Price slumps expected to continue as mortgage restrictions start to bite

By Gerv Tacadena

Prices will continue to slide down as mortgage restrictions start to bite.

Industry experts are expecting the price correction to drop home prices even lower as the industry starts to feel the largest regulatory credit crunch.

Citing a study by Endeavor Equities Strategy, The Australian Financial Review said the crackdown could slash loan values by up to 30% and would affect property prices.

“Our base case suggests expense ratios will increase sharply, serviceability ratios will decrease proportionately, and loan sizes and property prices will suffer in the order of 15% to 20% in real terms. Meanwhile, lower house prices would reduce the ability for stressed borrowers to trade out or finance," the study said.

Capital Economics chief economist Paul Dales shared a similar sentiment, predicting that there would be additional price cuts in cities like Sydney and Melbourne, where home values are 5.4% and 3% below their peak, respectively.

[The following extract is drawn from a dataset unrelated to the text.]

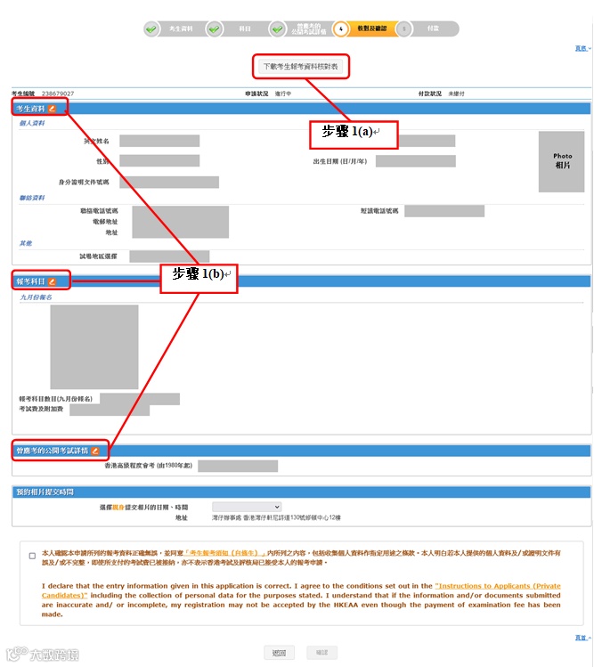 核对报考数据后,勾选声明旁的方格,并按[确认]以提交报名申请予考评局。如你确认所有报考数据正确 无误,按[确定]以提交报名申请予考评局。

"Most worrying is that prices will soon be falling at an even faster pace. The further decline in the number of home sales in March — the latest month of reliable data — to a seven-year low was larger than the fall in the number of new listings," he told Business Insider Australia, suggesting that house prices in Australia's capital cities will soon be falling by 5% annually.

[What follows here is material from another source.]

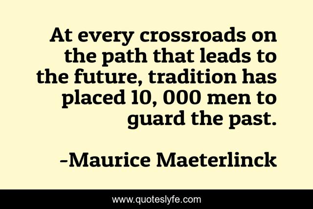 This page presents the quote "At every crossroads on the path that leads to the future, tradition has placed 10, 000 men to guard the past.". Author of this quote is Maurice Maeterlinck. This quote is about past, path, men,.

In an analysis on Macro Business, industry watcher Leith van Onselen said the market seems to be deteriorating at an increasing rate.

Aside from stricter lending standards and rising bank funding costs, current market conditions are also being influenced by the expiry of interest-only periods and the planned reforms on negative gearing and capital gains tax.

"These factors combined will continue to weigh on housing values and make investing in property a particularly risky proposition, especially in Sydney and Melbourne, where values are most over-valued, investors are more dominant, and auction clearance rates, prices, and investor finance growth are already falling," he said.